Surprising convention for grid sample coordinates


The coordinate convention for the index in the grid sample is a bit surprising to me. Indeed, it seems to correspond to the standard tensor indexing coordinate but in reverse order.

Here is a code sample to observe what I am saying:

import torch

a = torch.rand(1, 1, 4, 3)
b = torch.nn.functional.grid_sample(a, torch.tensor([[[[1, -1]]]]).type(torch.FloatTensor), align_corners=True)
#b corresponds to top right corner, i.e. j,i coordinates
print(a[0, 0, 0, 2], b)

c = torch.rand(1, 1, 4, 3, 2)
d = torch.nn.functional.grid_sample(c, torch.tensor([[[[[1, 1, -1]]]]]).type(torch.FloatTensor), align_corners=True)
#Again, here the convention is k, j, i
print(c[0, 0, 0, 2, 1], d)

I was wondering if there were any reasoning behind this convention as it seems counter-intuitive to me.

Thank you for your help,


1 Like

Sorry to insist but I think it should at least be specified in the documentation as the coordinate system used to specify positions where to sample in the input tensor (i.e. the index tensor) is not intuitive.
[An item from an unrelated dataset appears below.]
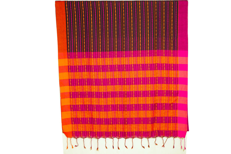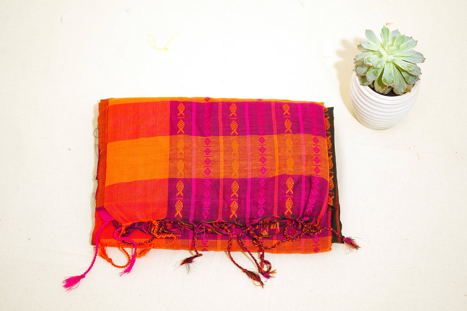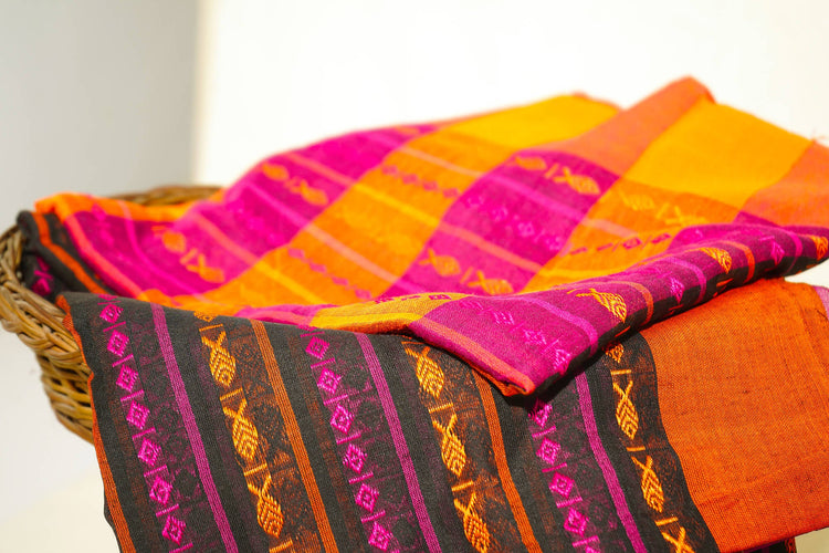 West bengal holds a special place in the heart of handloom lover. The handloom cotton saree from west bengal are particularly famous for their exceptional craftsmanship as well as the fine quality of muslin and cotton. The begampuri cluster, named after the eponymous begampur in the Hoogly district of west bengal, is well known for its bright and colorful combinations, intricate stipes and the serrated extra weft border designs.

I’m not sure, if I misunderstand the question, but I would assume this result based on the description from the docs:

grid specifies the sampling pixel locations normalized by the input spatial dimensions. Therefore, it should have most values in the range of [-1, 1] . For example, values x = -1, y = -1 is the left-top pixel of input , and values x = 1, y = 1 is the right-bottom pixel of input .

a = torch.rand(1, 1, 4, 3)
top_left = torch.nn.functional.grid_sample(a, torch.tensor([[[[-1, -1]]]]).type(torch.FloatTensor), align_corners=True)
top_right = torch.nn.functional.grid_sample(a, torch.tensor([[[[1, -1]]]]).type(torch.FloatTensor), align_corners=True)
bottom_left = torch.nn.functional.grid_sample(a, torch.tensor([[[[-1, 1]]]]).type(torch.FloatTensor), align_corners=True)
bottom_right = torch.nn.functional.grid_sample(a, torch.tensor([[[[1, 1]]]]).type(torch.FloatTensor), align_corners=True)
#b corresponds to top right corner, i.e. j,i coordinates
print(a[0, 0, 0, 0], top_left)
print(a[0, 0, 0, -1], top_right)
print(a[0, 0, -1, 0], bottom_left)
print(a[0, 0, -1, -1], bottom_right)

Is the confusion created because of the usage of an image coordinate system with x and y axes?
Note that the x-axis is along the width of an image and the y-axis is along its height.


Thank you for your answer. The confusion to me comes from when the input tensor is a 5D tensor (so when we consider a batch of 3D inputs with some channels). Then the convention is k,j,i meaning z,y,x which I find surprising (and is not specified in the documentation).

That is what I meant.


Ah OK, thanks for the follow up.
You could create an issue and suggest to improve the docs.
Would you be interested in creating a PR with this improvement?


I will create an issue to suggest those specification in the docs. Sorry but I don’t want to handle the PR for this. Thank you for your help.